How to run a JSR Expert Group

The modus operandum of the JSR 277 Expert Group is fascinating.

Strawman proposals are developed in private by the spec. lead, colleagues from Sun, and occasionally one or two others from elsewhere. These are then presented to the Expert Group for comment. After more or less debate, the spec. lead asserts the consensus and the strawman goes forward for inclusion in the draft spec. Typically, there can be a change of position when something small is clearly broken, but significant design changes and smaller tweaks tend to be resisted.

On the whole, the real JSR 277 contributors are working in private and the so-called Expert Group acts as a sounding board without any significant influence on the outcome. Some would call this rubber-stamping.

I'm trying to change this on one crucial front - that of interoperation between JSR 277 and JSR 291. But progress is dreadfully slow.

Apparently, interoperation prototypes are being developed and thinking is going on, but none of this is visible to the Expert Group or the broader community. This is a bit odd as a modules project has been set up on OpenJDK, so I would have expected that kind of prototyping to go on in a branch or subdirectory for early feedback from others.

It's worrying because the OSGi experts, Richard Hall and myself, in the JSR 277 Expert Group and the others in the JSR 291 Expert Group are not currently able to help. By the time we see a strawman, it may be too late to make any significant changes.

Clearly my experience of Apache and Eclipse is no guide to the way things happen in OpenJDK. Similarly, my experience of other standards bodies is also no guide to how a JSR Expert Group is necessarily run.

Java modularity: where do we go from here?

Things have moved on somewhat since March, so I thought an update would be helpful. Let's recap first.

JSR 277 is trying to create a static module system for Java. Its offshoot, JSR 294, is focused on the VM and language support for modularity. Both these JSRs are targeting Java 7.

JSR 291, which recently passed the Final Approval Ballot, references and extends the OSGi dynamic component system. JSR 291 is compatible with the Java ME JSR 232, which also references OSGi.

OSGi is a mature technology, having been developed in four releases over the last eight years. There are three independent open source implementations (Equinox, Felix, and Knopflerfish), a specification, reference implementation, and TCK.

I am an active member of the JSR 277 and JSR 294 Expert Groups and am the spec. lead of JSR 291.

Design goals

Crucially, the goals of these JSRs are rather different, although the underlying concepts are similar. JSRs 277 and 294 are building basic support into the Java SE platform whereas JSR 291 is pure Java built on top of the Java platform.

Look at it another way. JSRs 277 and 294 are attempting to produce an evolution of java.lang.ClassLoader with a new distribution and packaging format, a new repository, and new language features supported by the VM. JSR 291 on the other hand is implemented in pure Java on top of java.lang.ClassLoader and uses standard JAR files with standard manifests as a distribution and packaging format.

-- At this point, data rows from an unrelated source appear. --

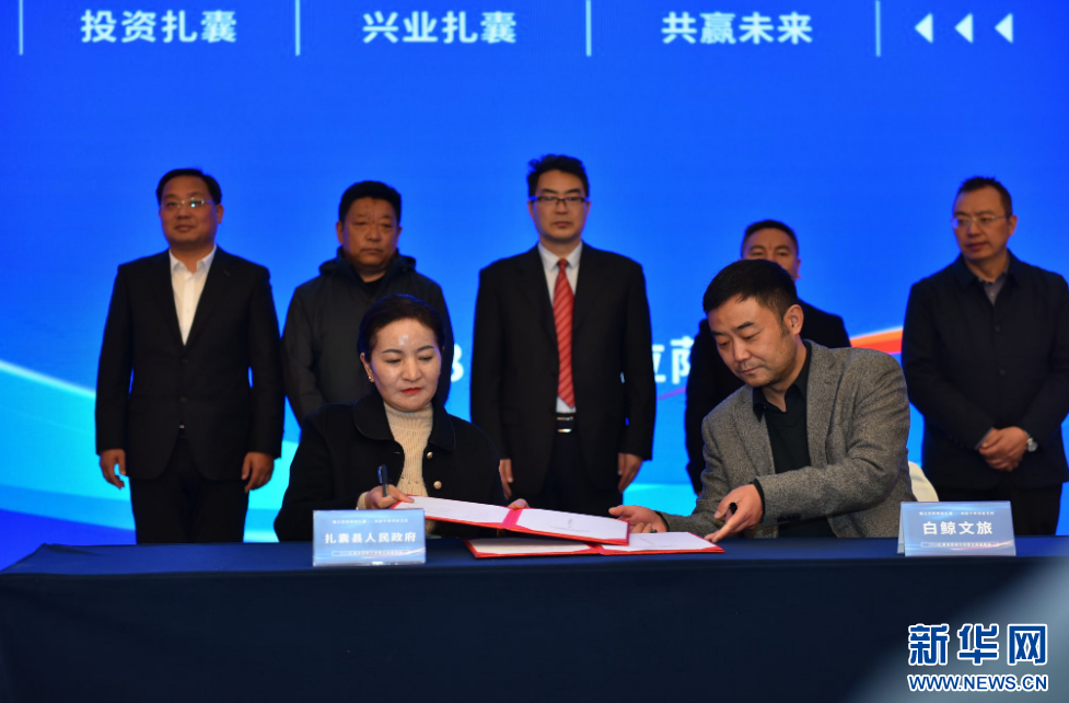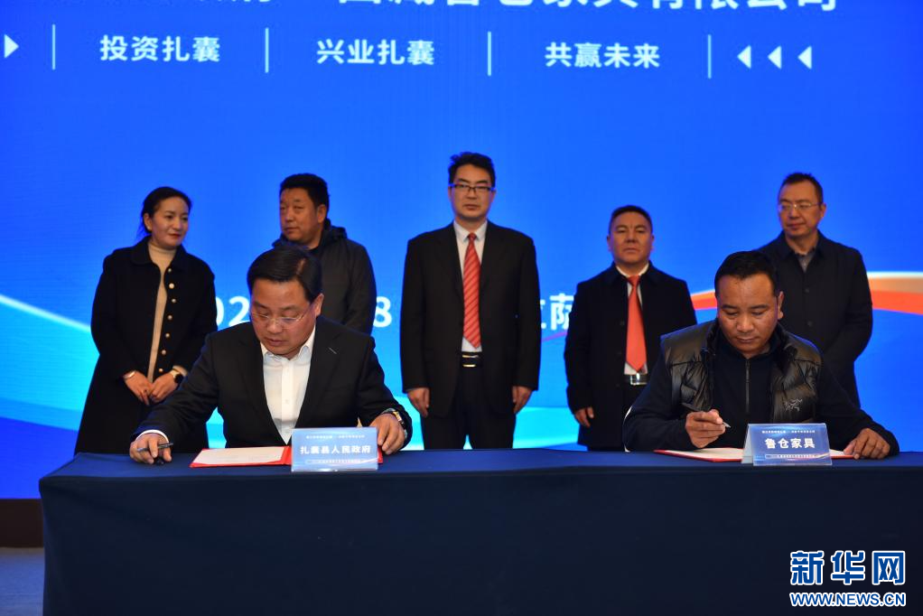 扎囊縣領導干部與意向落地企業(yè)在推介會現(xiàn)場簽約。(受訪對象供圖)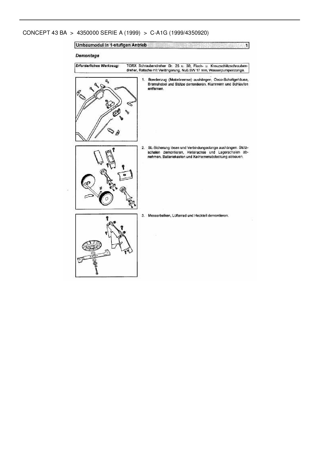 Ersatzteile für Motormäher mit Antrieb Wolf-Garten Concept 43 BA aus der Zeichnung C-A1G (1999/4350920):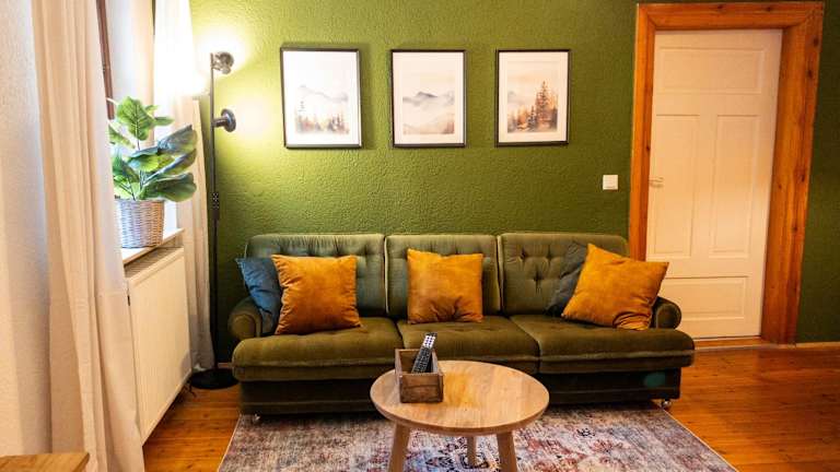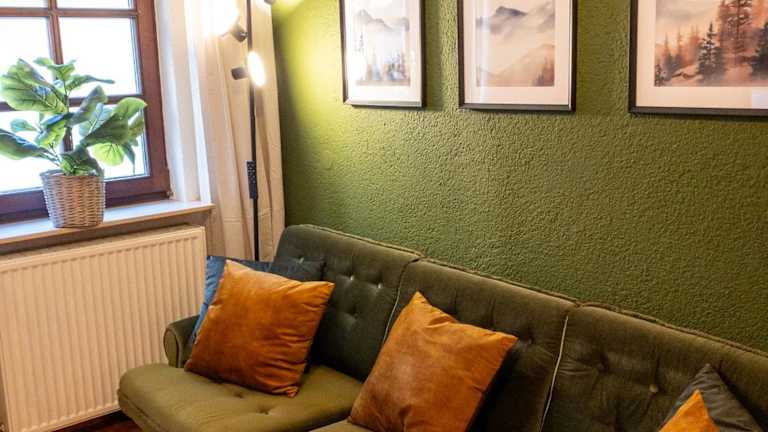 Die Ferienwohnung verfügt über 1 Schlafzimmer, ein Wohnzimmer und eine voll ausgestattete Küche mit Kühlschrank und Kaffeemaschine. Das Badezimmer ist mit einer Dusche und kostenlosen Pflegeprodukten ausgestattet. Handtücher und Bettwäsche sind ebenfalls vorhanden.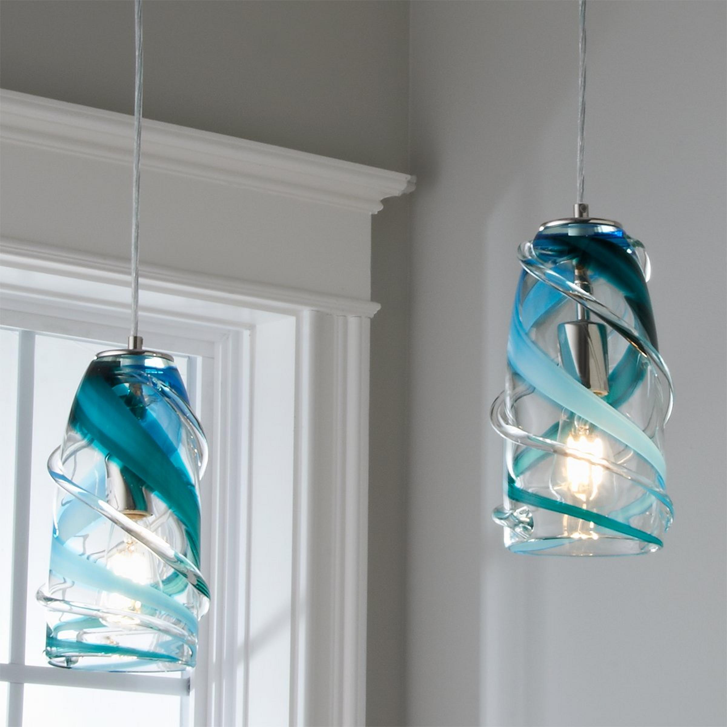 This beautiful swirling glass pendant with the added sculptural glass accentuating the swirl pattern on the outside is a unique, exciting take on a classic art glass pendant. The gentle aqua color palette blends beautifully into a beach house or coastal style space. This fixture also works as an unexpected pop of color in a more traditional room design. Try this unique pendant over a kitchen island, breakfast bar, or any other area where task lighting is needed. Due to the nature of this handblown art glass no two will be exactly alike in pattern or color.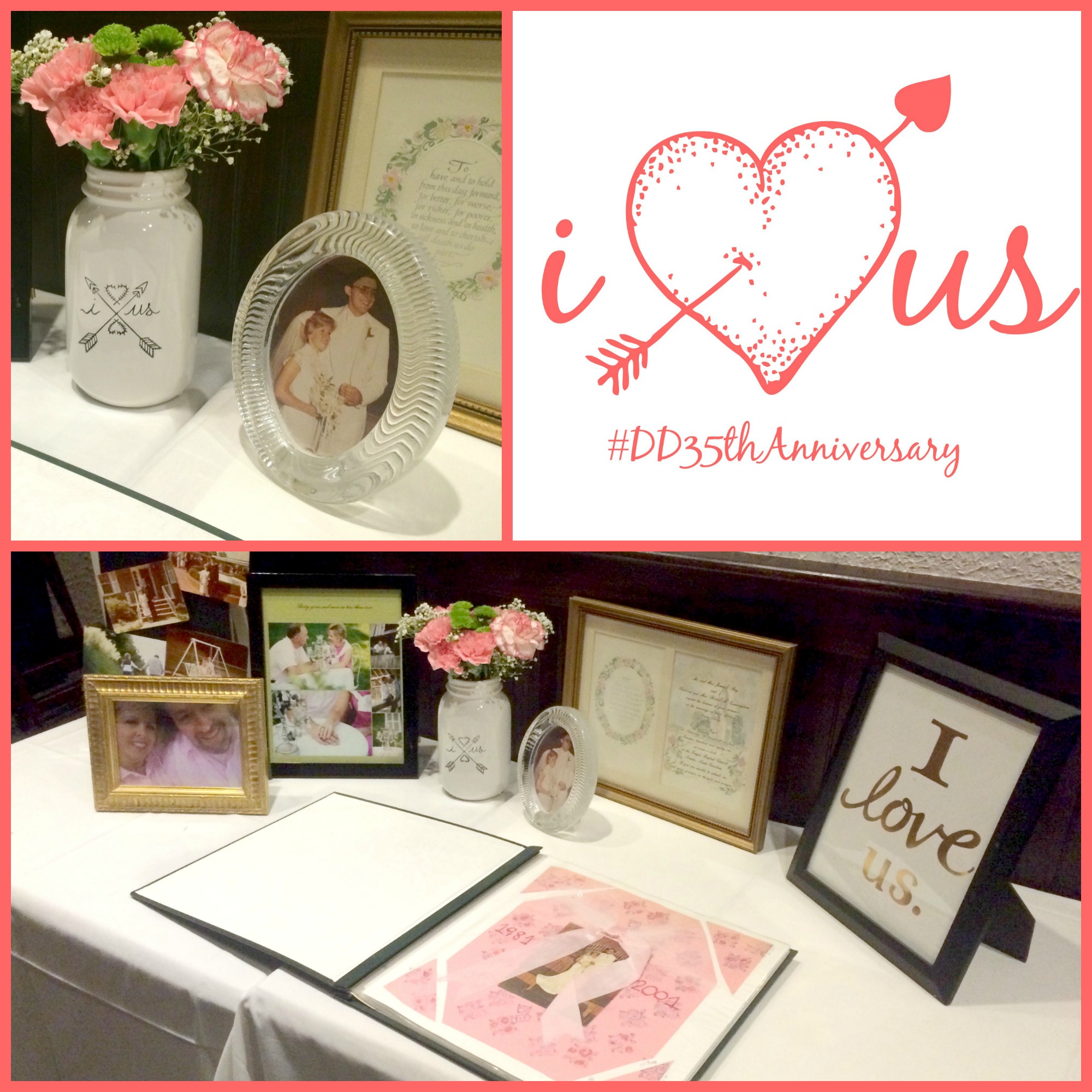 - Settled on a theme – we went with coral (the suggested gift for 35th anniversary) and the phrase “I love us,” which is special to our parents.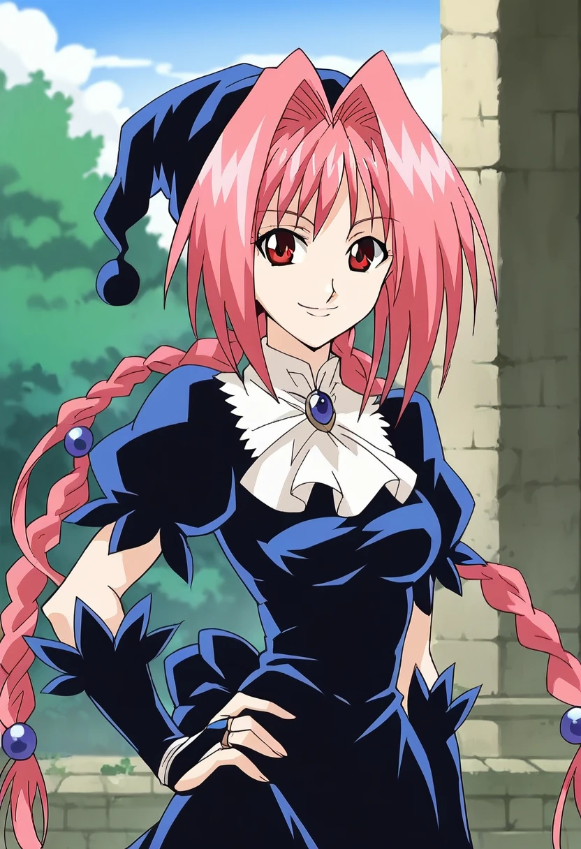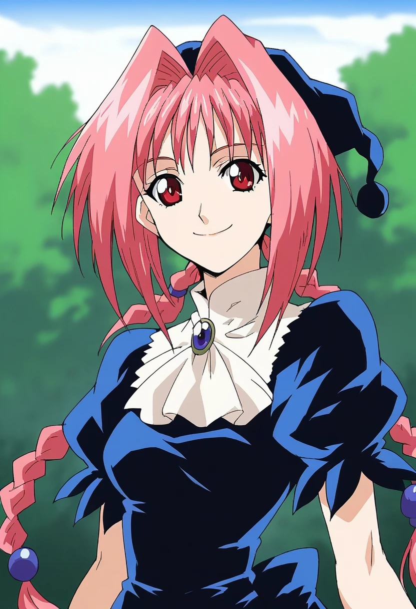 d0r0thyMt, pink hair, hair intakes, long hair, twin braids, red eyes, hat

The design point of OSGi has always been to support a broad set of Java ME environments, such as profiles based on the Connected Device Configuration, and Java SE versions, from Java 1.2 onwards, in a compatible way. It has achieved this by building on commonly available Java concepts, notably class loaders.

I think of OSGi as being the pinnacle of custom class loader systems. The way it manages to install, uninstall, start, stop, and update modules without restarting the VM is quite an achievement - not my achievement, I should add, as the dynamic features were mostly complete before I got involved. Of course, other systems have provided some of this capability, but not in such a generally reusable way.

So you can package OSGi with your application, or list it as a prerequisite, and then run on a wide range of Java platforms.

On the other hand, JSRs 277 and 294 have the advantage that if you are happy to pre-req. Java 7 or later, then those JSRs will be built in to the platform.

Why doesn't JSR 277 reuse OSGi?

So why can't the JCP simply adopt JSR 291 as a standard module system for the Java platform? That's what many of the critics of JSR 277 are calling for.

A crucial issue is one of control. I hope the OSGi Alliance would allow OSGi to be included in the Java platform so long as they retained control of the technology. But I suspect Sun would be nervous about the core module system of the Java platform not being under their direct control. Such nervousness would be understandable if it was not in the interests of the OSGi Alliance to maintain the value of Java, but the reality is just opposite: the success of the OSGi Alliance depends to a large extent on the success of Java.

In my earlier blog, I made the point about the OSGi technology still evolving. But I think that problem is soluble. There would need to be a way of overriding the built-in module system with a later, backward compatible version.

Why not scrap JSR 277?

A radical option, favoured by some, of simply scrapping JSR 277 is less than ideal. It would temporarily remove the confusion that competing module systems inevitably create. But before long, the requirements for a module system built in to the Java platform would surface again.

The consumer JRE work has shown there is a real need to modularise the JRE itself and this requires a built-in module system. However, the consumer JRE doesn't seem to be proposing a properly architecture module system. It's a 'quick fix' which can be delivered in Java 6 update releases.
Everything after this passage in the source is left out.